Megan E.B. Clowse, MD: I’ve been comfortable for quite a while using TNF [tumor necrosis factor] inhibitors in breastfeeding mothers, and I think that the CRADLE data are so exciting because they really demonstrate the safety of doing so. I think they will make many other rheumatologists comfortable with using these drugs in breastfeeding, as well. I know that rheumatologists and many other physicians think of lactation as sort of an extraneous “Oh, you can just skip it” kind of activity. But if you talk to young mothers, that is not how they see breastfeeding. Many women see it as an integral part to being a good mother, and so women will forgo medications for themselves. Women will suffer severe consequences in order to breastfeed. I hear stories from women that are just heartbreaking of the pain that they lived through because their doctors would not allow them to have medications while they were breastfeeding. That is unnecessary. It makes me so angry because it’s unnecessary. Women can take medications to manage their rheumatic disease while breastfeeding. It is perfectly safe for them. It is perfectly safe for their baby. I think it is our responsibility to really make that part of our practice. I really think that the CRADLE data provide solid, reliable, important data to make more rheumatologists comfortable with that decision.

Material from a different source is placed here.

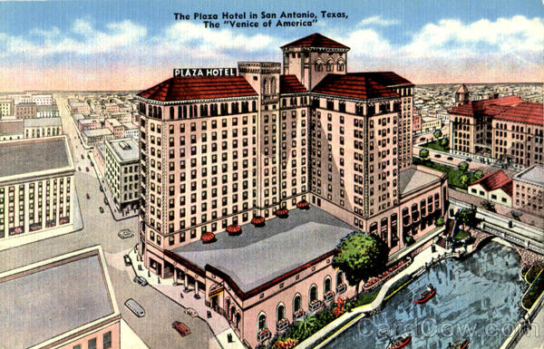 Front: The Plaza Hotel in San Antonio, Texas, The "Venice of America" PLAZA HOTEL Back: 2512 The Air Conditioned Plaza Hotel, on the bank of the river in downtown San Antonio. со —MADE IN USA BY E C. KROPP CO., MILWAUKEE, WIS - (CJY) —

It is my goal that all women with rheumatic disease can have the families that they dream of and that all rheumatologists in this country will help women get there. Up until now, rheumatologists have often stood in the way of allowing women to have children because of fear or worry or concern. But I think that the data we have now really tell us that the large majority of women with rheumatic disease can have safe, healthy pregnancies and healthy, happy families, and so it’s really my mission to make that a reality. That means that rheumatologists need to learn more and keep up with new data that are available.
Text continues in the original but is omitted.